WHAT YOU ARE ASKED TO DO:
Of the records that follow, copy only the lines from the line containing "COOL OFFER. Confident" to the line containing "SONY SLV-X50 Serviceanleitung Englisch", both included, exactly as written.

DATA EXTRACT:
◆ ◆ ◆

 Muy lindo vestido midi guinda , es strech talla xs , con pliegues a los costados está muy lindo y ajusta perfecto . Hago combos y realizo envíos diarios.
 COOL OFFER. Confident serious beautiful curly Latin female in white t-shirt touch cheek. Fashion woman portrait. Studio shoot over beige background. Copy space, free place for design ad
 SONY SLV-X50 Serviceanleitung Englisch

◆ ◆ ◆

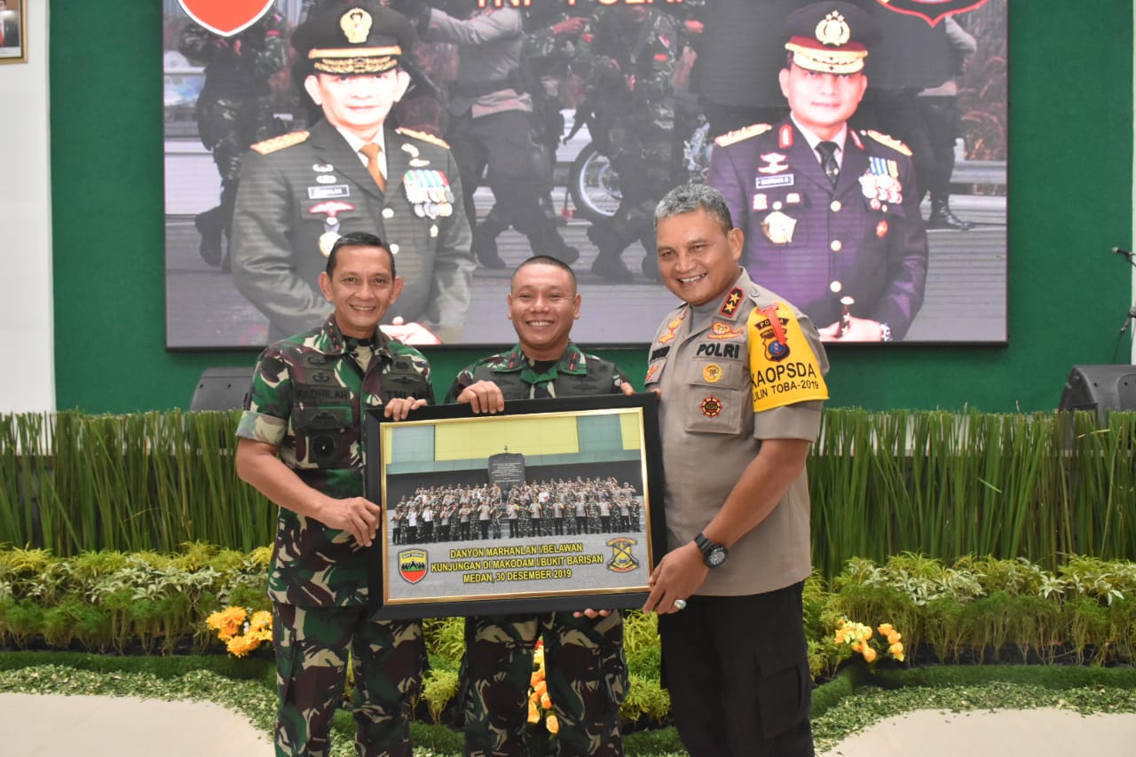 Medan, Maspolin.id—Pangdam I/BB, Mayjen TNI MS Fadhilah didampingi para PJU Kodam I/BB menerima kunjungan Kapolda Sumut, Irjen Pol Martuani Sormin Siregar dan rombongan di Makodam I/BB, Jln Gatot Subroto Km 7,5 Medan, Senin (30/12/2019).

◆ ◆ ◆

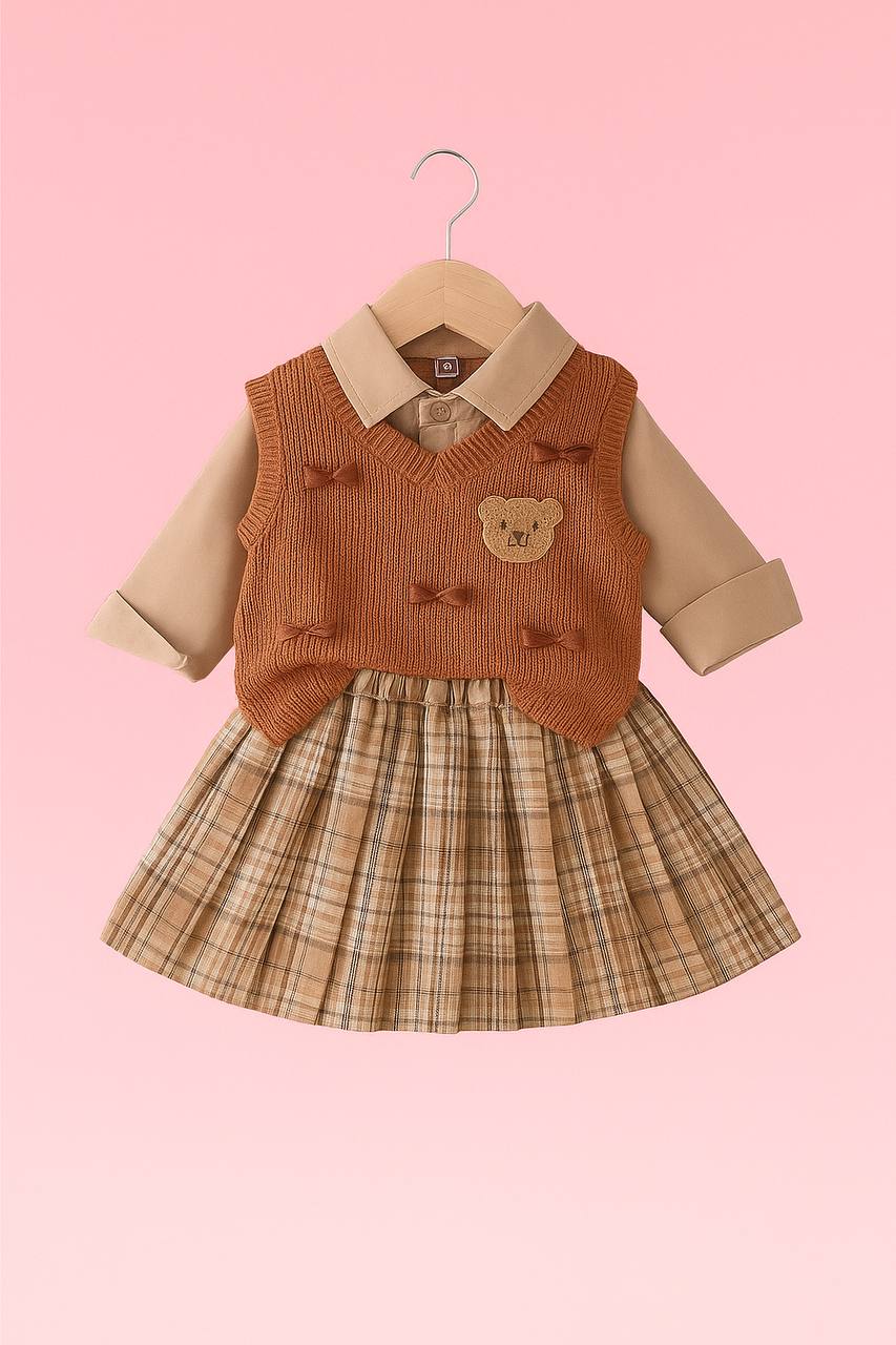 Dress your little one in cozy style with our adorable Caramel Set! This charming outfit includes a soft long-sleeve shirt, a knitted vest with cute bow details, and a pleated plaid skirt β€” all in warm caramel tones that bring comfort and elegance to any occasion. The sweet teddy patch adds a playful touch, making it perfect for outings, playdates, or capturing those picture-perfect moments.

◆ ◆ ◆

EXPECTED OUTPUT:
 COOL OFFER. Confident serious beautiful curly Latin female in white t-shirt touch cheek. Fashion woman portrait. Studio shoot over beige background. Copy space, free place for design ad
 SONY SLV-X50 Serviceanleitung Englisch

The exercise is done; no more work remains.